Saved entries
+ + + + + + +
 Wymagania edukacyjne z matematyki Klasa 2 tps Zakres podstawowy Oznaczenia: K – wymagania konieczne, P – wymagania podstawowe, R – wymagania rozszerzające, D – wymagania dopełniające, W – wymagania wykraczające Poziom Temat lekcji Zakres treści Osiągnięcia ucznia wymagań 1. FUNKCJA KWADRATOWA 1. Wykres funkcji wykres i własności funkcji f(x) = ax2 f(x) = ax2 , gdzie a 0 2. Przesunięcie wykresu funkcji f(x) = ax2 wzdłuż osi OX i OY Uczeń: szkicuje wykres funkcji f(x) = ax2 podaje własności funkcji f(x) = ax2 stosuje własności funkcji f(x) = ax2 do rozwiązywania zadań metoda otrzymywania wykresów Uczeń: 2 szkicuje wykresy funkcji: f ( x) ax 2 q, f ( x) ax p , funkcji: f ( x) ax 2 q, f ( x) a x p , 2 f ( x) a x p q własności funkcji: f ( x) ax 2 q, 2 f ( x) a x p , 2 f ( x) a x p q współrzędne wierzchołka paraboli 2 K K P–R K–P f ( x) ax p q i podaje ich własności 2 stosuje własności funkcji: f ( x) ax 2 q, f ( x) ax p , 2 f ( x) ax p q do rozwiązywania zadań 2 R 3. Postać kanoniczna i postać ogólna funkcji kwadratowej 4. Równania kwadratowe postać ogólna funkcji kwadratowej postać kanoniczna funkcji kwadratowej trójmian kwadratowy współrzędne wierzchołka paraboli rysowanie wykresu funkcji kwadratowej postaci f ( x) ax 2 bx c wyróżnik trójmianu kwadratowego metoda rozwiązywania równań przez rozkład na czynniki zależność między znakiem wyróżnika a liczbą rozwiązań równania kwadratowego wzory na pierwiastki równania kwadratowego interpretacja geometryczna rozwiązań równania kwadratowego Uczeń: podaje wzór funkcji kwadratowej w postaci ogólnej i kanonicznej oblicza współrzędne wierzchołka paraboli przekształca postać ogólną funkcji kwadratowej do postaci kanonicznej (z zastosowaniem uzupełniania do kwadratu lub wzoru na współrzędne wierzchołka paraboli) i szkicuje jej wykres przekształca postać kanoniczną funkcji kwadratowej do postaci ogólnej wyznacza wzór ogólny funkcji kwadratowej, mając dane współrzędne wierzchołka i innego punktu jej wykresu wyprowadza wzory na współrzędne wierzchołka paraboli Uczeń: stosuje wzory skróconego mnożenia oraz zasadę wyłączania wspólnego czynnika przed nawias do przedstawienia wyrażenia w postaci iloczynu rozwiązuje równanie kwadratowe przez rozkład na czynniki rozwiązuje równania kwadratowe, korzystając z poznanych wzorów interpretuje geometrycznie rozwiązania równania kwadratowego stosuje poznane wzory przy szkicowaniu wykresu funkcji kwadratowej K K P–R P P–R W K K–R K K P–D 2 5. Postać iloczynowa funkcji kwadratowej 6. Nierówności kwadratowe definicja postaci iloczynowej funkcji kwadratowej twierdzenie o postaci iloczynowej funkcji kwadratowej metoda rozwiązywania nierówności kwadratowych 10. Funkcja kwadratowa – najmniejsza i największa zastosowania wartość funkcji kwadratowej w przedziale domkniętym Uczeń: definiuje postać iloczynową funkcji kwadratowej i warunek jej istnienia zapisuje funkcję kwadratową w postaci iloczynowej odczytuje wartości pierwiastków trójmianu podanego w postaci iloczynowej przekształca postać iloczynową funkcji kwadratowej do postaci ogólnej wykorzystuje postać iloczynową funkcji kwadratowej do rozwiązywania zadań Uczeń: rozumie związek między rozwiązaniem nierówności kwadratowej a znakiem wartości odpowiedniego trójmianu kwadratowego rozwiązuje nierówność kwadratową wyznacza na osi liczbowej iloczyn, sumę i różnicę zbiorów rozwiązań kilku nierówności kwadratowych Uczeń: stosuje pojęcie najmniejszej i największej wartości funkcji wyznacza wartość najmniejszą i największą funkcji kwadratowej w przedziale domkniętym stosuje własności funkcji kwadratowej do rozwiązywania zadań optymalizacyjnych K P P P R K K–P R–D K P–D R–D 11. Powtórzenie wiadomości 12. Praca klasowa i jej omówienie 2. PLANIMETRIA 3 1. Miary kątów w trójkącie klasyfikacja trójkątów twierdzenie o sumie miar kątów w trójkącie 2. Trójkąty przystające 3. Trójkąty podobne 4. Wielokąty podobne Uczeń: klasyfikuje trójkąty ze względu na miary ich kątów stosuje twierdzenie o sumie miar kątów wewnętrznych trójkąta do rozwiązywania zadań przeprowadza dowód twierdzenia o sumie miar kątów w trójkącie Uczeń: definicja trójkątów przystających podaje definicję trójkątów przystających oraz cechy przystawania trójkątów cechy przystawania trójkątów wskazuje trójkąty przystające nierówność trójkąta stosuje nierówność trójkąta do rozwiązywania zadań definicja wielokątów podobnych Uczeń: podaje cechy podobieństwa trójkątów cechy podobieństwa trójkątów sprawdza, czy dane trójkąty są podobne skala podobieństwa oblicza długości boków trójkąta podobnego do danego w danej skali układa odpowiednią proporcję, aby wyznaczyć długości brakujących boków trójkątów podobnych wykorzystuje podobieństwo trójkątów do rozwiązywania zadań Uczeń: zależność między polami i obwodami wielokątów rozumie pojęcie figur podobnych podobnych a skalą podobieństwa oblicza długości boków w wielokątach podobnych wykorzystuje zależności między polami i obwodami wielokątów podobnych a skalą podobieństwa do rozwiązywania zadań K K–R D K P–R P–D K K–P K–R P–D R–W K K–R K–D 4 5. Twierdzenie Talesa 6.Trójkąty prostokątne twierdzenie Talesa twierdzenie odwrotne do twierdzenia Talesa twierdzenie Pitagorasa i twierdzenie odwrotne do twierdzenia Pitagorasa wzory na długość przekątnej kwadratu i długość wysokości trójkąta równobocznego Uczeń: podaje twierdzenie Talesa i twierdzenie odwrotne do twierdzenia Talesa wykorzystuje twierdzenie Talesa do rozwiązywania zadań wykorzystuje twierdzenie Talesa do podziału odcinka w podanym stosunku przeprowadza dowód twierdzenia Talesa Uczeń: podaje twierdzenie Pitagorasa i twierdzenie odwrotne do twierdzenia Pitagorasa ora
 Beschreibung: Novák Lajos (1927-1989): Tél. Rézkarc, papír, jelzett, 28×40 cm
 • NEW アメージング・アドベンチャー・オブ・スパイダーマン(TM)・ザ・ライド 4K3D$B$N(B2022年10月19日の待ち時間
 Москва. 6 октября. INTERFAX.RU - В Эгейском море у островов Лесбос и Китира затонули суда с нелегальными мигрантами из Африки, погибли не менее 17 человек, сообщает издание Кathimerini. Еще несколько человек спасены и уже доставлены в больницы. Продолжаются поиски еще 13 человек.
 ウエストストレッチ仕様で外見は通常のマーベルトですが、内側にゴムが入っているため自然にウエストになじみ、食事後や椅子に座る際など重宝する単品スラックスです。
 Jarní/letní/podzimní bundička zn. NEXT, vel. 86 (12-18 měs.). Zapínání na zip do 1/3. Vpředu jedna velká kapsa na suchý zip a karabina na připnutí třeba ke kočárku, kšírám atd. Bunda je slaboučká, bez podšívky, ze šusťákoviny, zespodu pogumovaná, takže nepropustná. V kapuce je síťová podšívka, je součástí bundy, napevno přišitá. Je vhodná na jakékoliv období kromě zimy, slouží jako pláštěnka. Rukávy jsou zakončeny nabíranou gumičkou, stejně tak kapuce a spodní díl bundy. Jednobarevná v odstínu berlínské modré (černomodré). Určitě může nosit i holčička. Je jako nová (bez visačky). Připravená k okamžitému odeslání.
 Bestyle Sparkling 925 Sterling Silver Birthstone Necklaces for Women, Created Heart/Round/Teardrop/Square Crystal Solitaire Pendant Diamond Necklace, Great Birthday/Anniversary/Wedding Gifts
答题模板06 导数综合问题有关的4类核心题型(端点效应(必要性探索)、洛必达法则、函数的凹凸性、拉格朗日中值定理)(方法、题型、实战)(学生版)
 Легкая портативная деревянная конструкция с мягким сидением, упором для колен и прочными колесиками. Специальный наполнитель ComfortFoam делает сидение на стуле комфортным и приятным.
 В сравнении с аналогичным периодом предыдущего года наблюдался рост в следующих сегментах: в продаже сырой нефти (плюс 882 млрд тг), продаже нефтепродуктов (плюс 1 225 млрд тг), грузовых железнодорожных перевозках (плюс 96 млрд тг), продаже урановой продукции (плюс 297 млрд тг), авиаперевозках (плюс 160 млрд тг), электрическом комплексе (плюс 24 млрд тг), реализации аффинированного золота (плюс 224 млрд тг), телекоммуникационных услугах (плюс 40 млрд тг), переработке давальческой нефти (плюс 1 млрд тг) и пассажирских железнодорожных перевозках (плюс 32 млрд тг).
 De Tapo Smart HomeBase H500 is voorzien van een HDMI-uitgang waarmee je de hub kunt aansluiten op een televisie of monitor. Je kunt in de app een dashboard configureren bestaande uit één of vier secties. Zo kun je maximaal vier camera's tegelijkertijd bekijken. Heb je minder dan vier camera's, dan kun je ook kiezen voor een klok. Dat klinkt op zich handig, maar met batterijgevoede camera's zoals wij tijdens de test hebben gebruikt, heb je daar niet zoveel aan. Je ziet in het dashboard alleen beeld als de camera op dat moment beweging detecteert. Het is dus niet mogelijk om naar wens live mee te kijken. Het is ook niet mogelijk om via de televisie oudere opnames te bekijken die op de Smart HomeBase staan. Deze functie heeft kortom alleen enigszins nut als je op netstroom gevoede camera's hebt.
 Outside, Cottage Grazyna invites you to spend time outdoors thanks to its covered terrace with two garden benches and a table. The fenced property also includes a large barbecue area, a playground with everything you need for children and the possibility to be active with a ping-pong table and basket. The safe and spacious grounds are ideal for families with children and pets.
+ + + + + + +
> PROBLEM TO SOLVE:
Retype only this portion of the data above: the line containing "答题模板06 导数综合问题有", the line containing "Легкая портативная деревянная", and all lines between them, exactly.

> WRITTEN RESPONSE:
答题模板06 导数综合问题有关的4类核心题型(端点效应(必要性探索)、洛必达法则、函数的凹凸性、拉格朗日中值定理)(方法、题型、实战)(学生版)
 Легкая портативная деревянная конструкция с мягким сидением, упором для колен и прочными колесиками. Специальный наполнитель ComfortFoam делает сидение на стуле комфортным и приятным.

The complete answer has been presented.